==== Data in this exercise
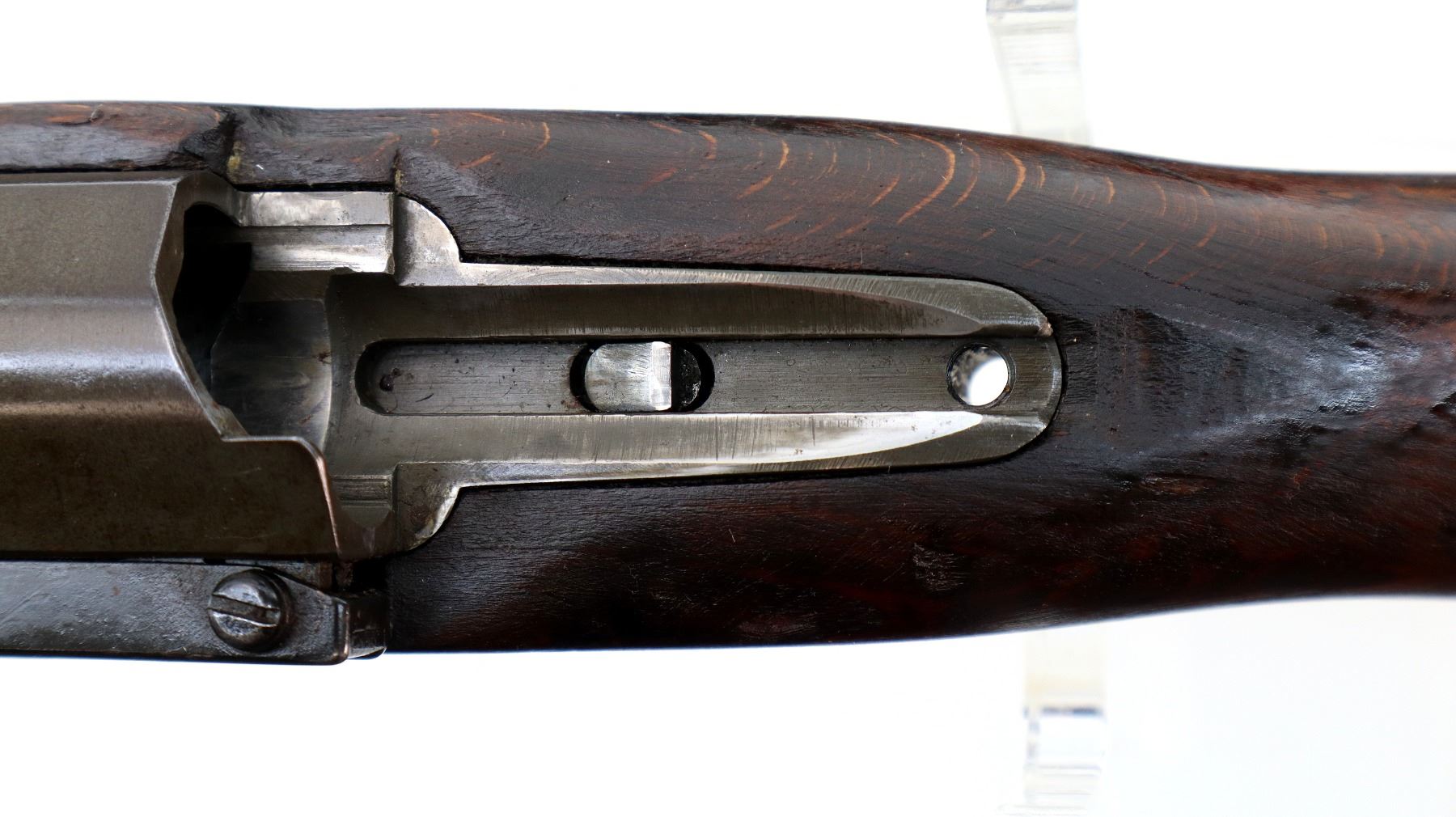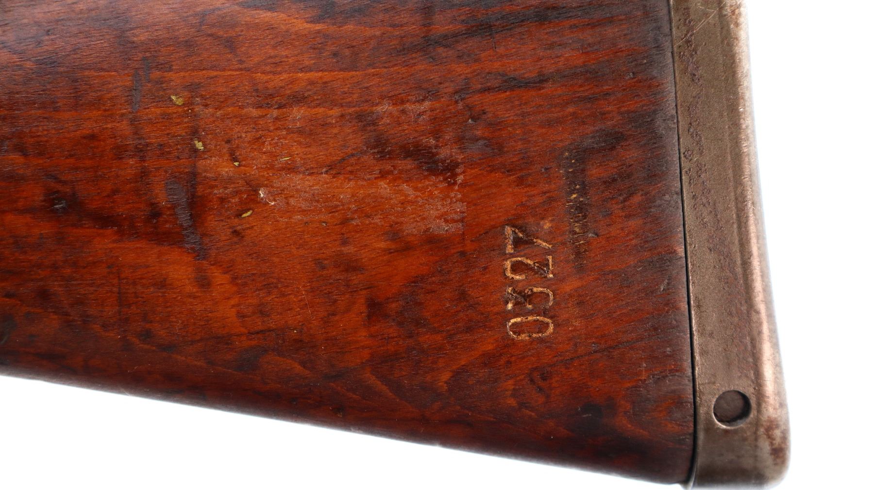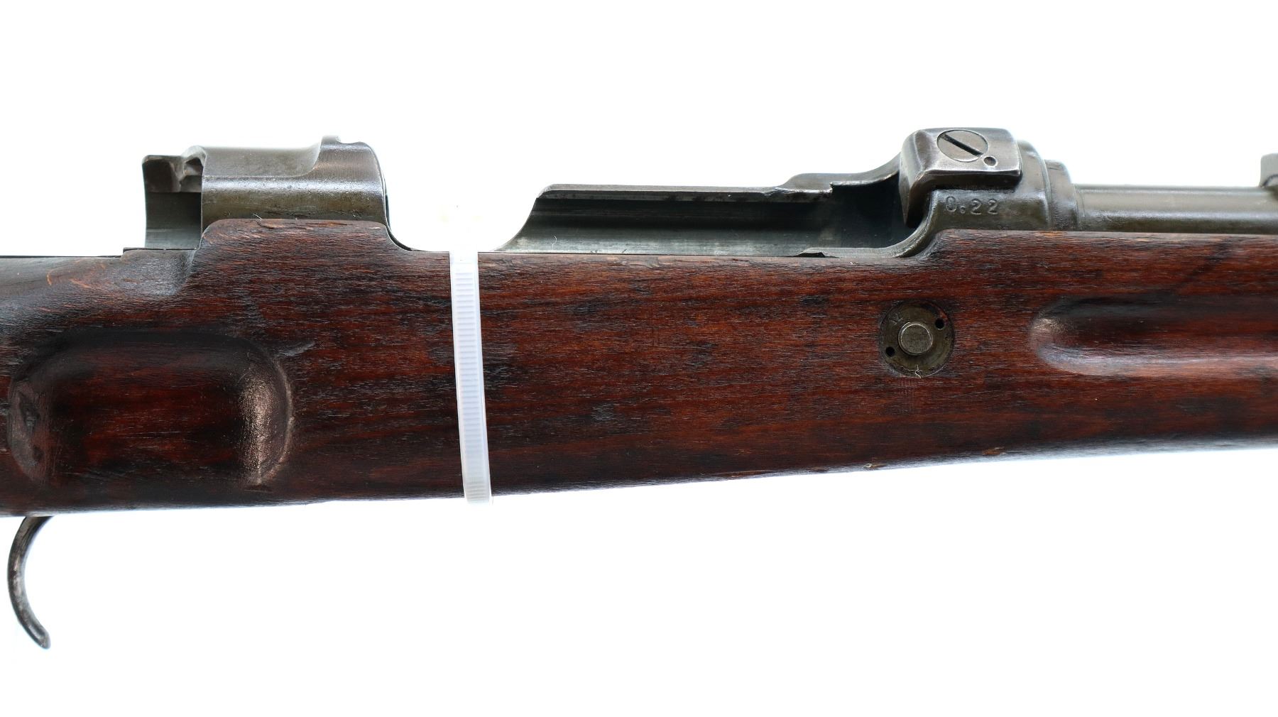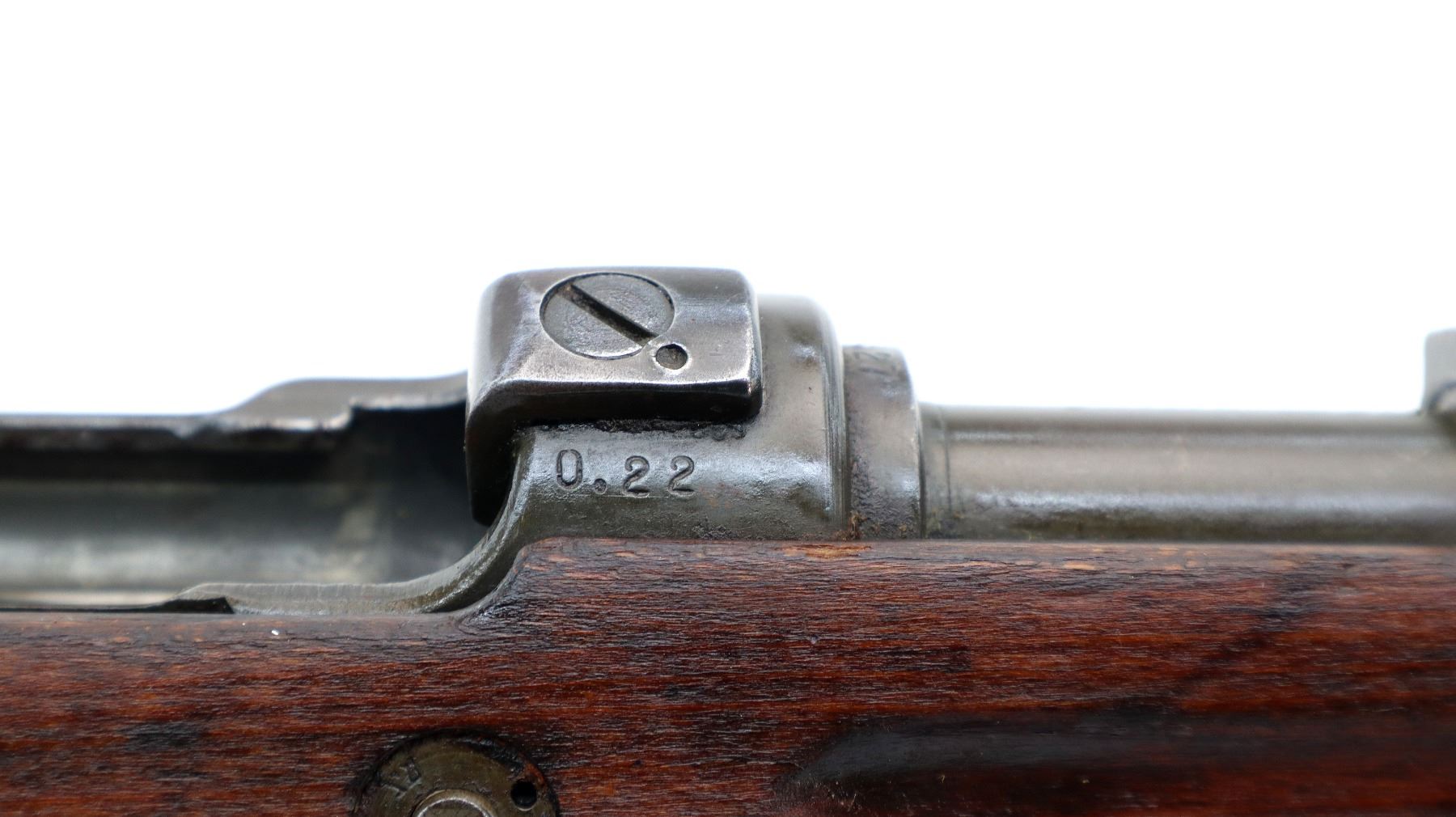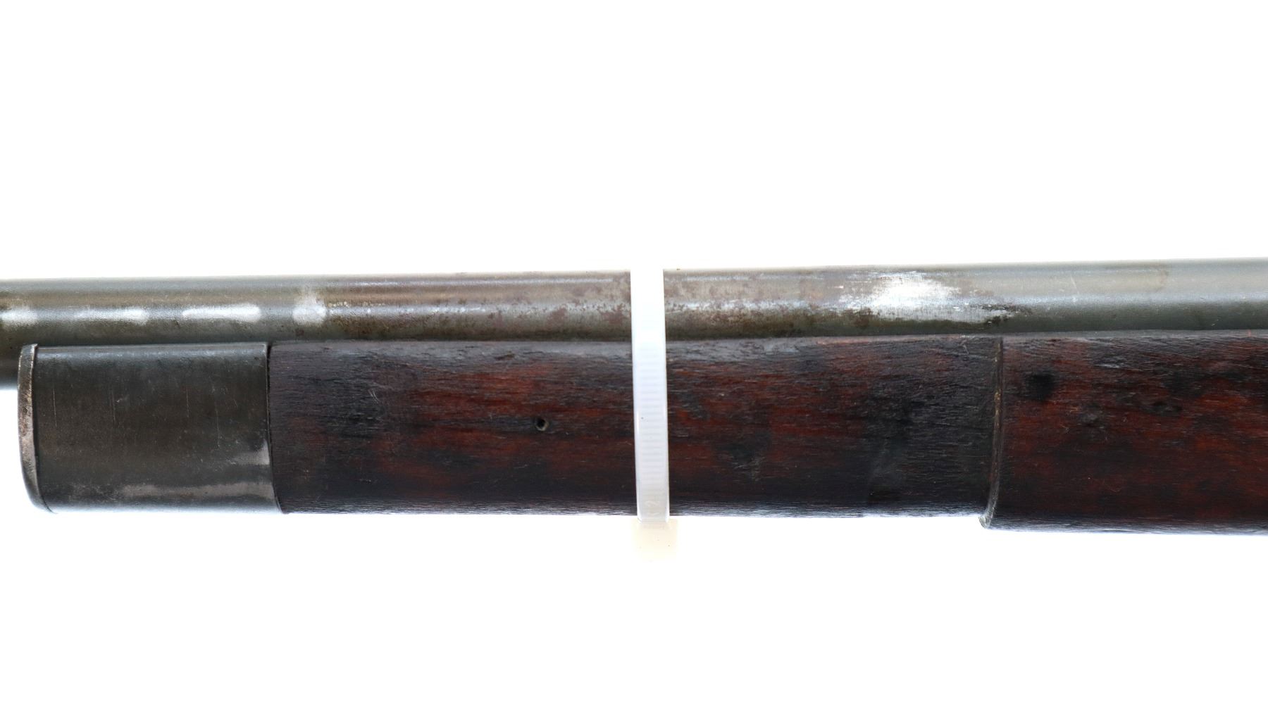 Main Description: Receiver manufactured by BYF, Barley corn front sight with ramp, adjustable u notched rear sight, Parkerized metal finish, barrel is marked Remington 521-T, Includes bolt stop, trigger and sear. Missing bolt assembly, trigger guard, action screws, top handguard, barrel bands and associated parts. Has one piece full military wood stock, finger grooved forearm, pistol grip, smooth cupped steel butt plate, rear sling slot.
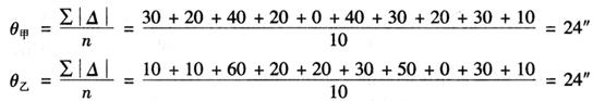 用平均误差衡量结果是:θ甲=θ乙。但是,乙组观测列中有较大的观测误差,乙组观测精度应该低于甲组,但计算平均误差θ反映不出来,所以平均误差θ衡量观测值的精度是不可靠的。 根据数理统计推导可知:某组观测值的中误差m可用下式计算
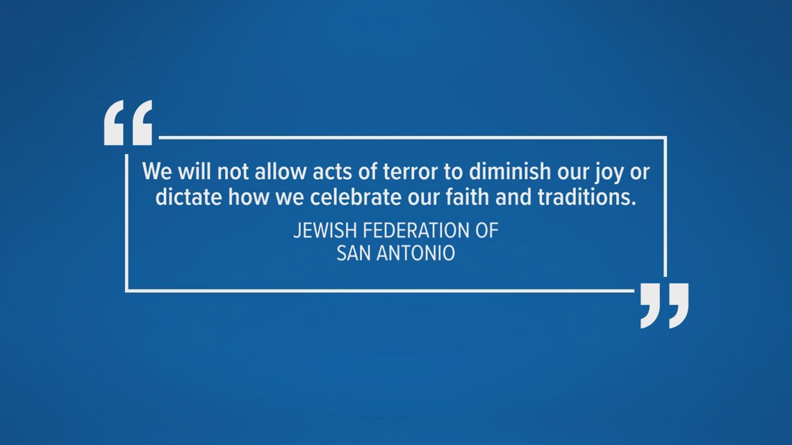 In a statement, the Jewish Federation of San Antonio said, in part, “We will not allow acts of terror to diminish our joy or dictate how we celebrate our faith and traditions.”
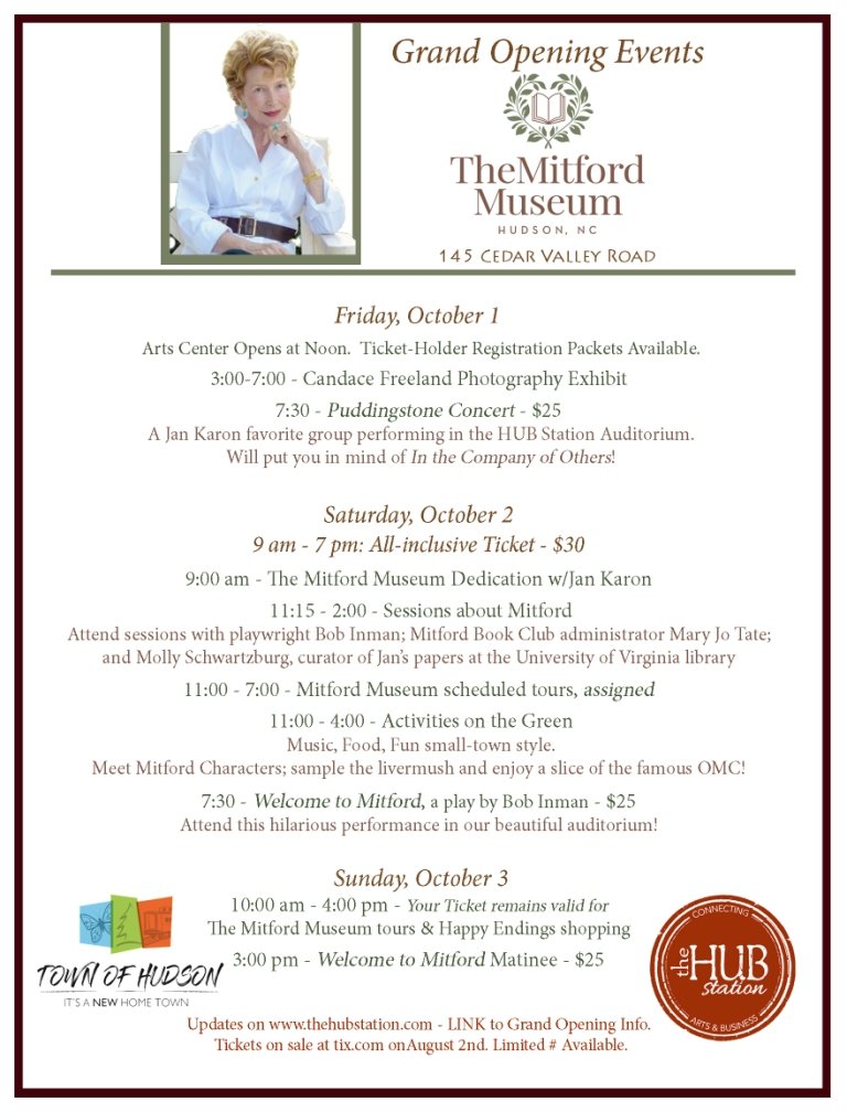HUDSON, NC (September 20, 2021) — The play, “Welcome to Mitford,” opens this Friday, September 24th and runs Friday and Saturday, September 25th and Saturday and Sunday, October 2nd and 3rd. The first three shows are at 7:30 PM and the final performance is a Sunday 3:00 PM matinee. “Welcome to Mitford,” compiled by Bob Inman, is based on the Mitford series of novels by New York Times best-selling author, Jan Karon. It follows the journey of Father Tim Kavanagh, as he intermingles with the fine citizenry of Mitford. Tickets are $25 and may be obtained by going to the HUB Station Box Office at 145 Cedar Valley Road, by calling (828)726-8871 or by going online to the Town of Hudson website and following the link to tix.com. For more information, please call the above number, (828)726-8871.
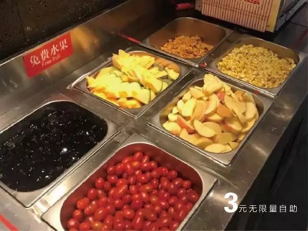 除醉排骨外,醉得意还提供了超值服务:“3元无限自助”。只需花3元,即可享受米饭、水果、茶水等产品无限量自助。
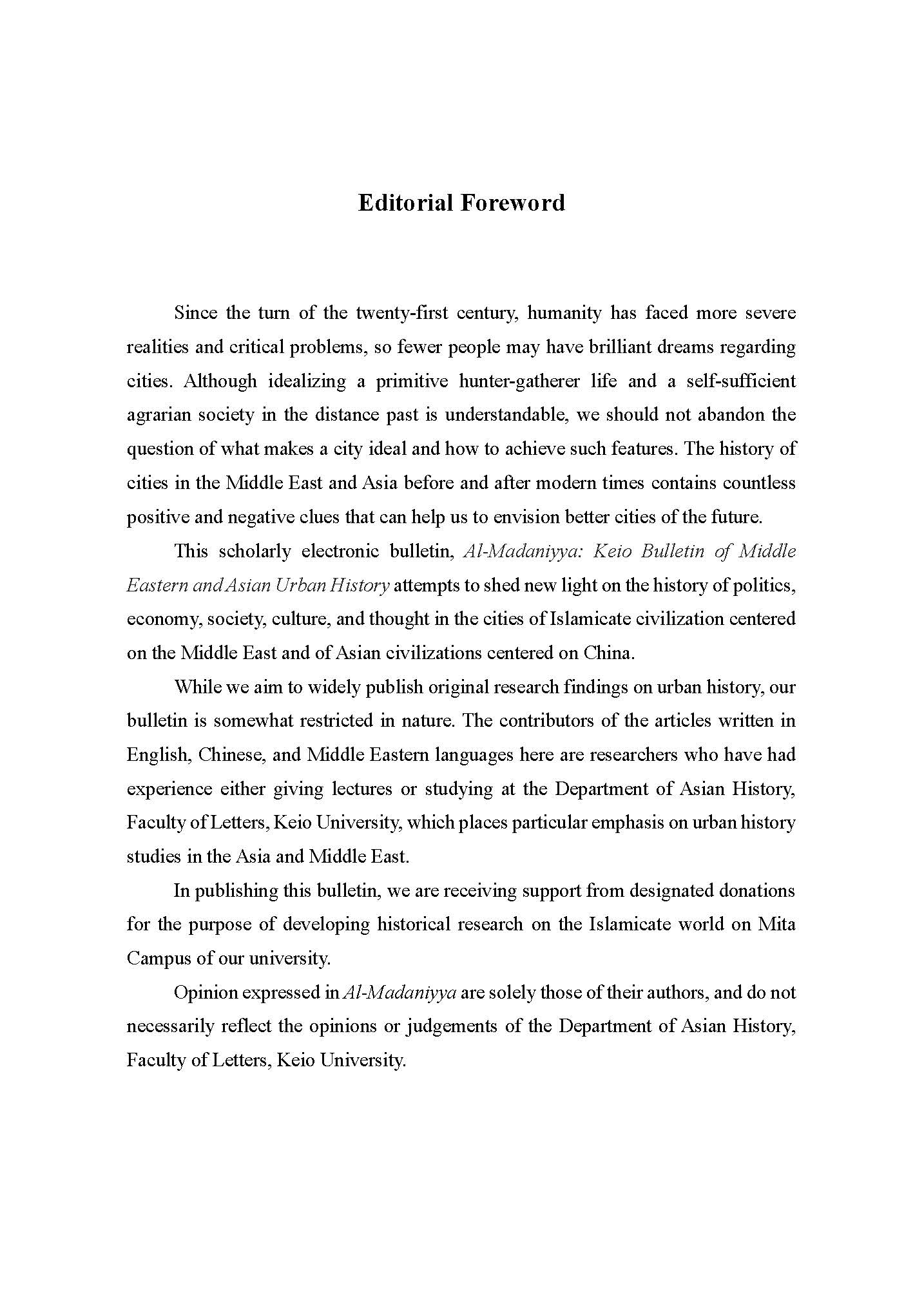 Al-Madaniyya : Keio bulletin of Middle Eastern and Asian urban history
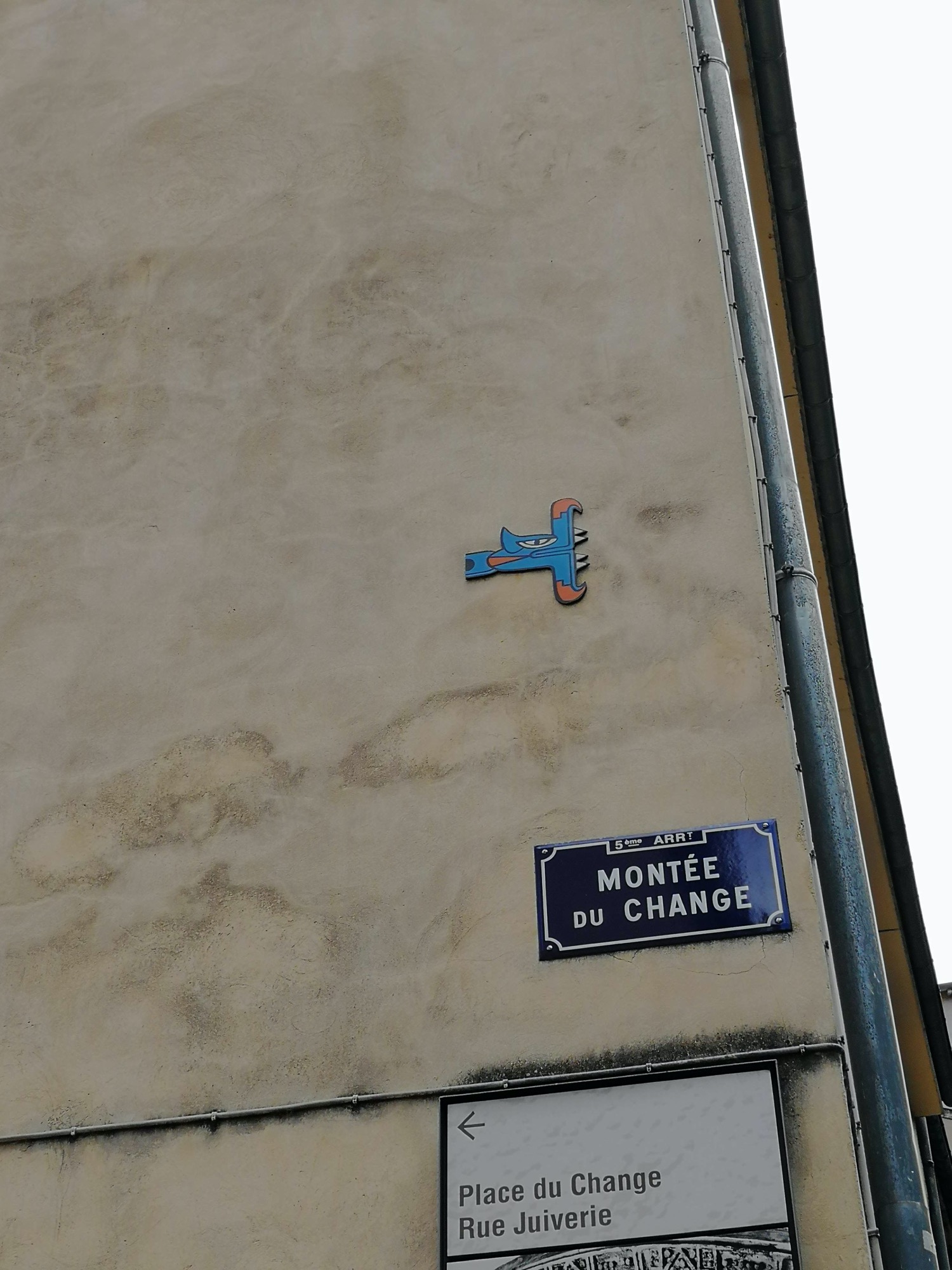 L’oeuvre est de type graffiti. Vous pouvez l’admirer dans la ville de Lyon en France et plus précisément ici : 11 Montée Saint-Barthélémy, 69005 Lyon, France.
========
Description of the task: Could you set down the data exactly as given, minus its pictures?

Output of the task:
 Main Description: Receiver manufactured by BYF, Barley corn front sight with ramp, adjustable u notched rear sight, Parkerized metal finish, barrel is marked Remington 521-T, Includes bolt stop, trigger and sear. Missing bolt assembly, trigger guard, action screws, top handguard, barrel bands and associated parts. Has one piece full military wood stock, finger grooved forearm, pistol grip, smooth cupped steel butt plate, rear sling slot.
 用平均误差衡量结果是:θ甲=θ乙。但是,乙组观测列中有较大的观测误差,乙组观测精度应该低于甲组,但计算平均误差θ反映不出来,所以平均误差θ衡量观测值的精度是不可靠的。 根据数理统计推导可知:某组观测值的中误差m可用下式计算
 In a statement, the Jewish Federation of San Antonio said, in part, “We will not allow acts of terror to diminish our joy or dictate how we celebrate our faith and traditions.”
HUDSON, NC (September 20, 2021) — The play, “Welcome to Mitford,” opens this Friday, September 24th and runs Friday and Saturday, September 25th and Saturday and Sunday, October 2nd and 3rd. The first three shows are at 7:30 PM and the final performance is a Sunday 3:00 PM matinee. “Welcome to Mitford,” compiled by Bob Inman, is based on the Mitford series of novels by New York Times best-selling author, Jan Karon. It follows the journey of Father Tim Kavanagh, as he intermingles with the fine citizenry of Mitford. Tickets are $25 and may be obtained by going to the HUB Station Box Office at 145 Cedar Valley Road, by calling (828)726-8871 or by going online to the Town of Hudson website and following the link to tix.com. For more information, please call the above number, (828)726-8871.
 除醉排骨外,醉得意还提供了超值服务:“3元无限自助”。只需花3元,即可享受米饭、水果、茶水等产品无限量自助。
 Al-Madaniyya : Keio bulletin of Middle Eastern and Asian urban history
 L’oeuvre est de type graffiti. Vous pouvez l’admirer dans la ville de Lyon en France et plus précisément ici : 11 Montée Saint-Barthélémy, 69005 Lyon, France.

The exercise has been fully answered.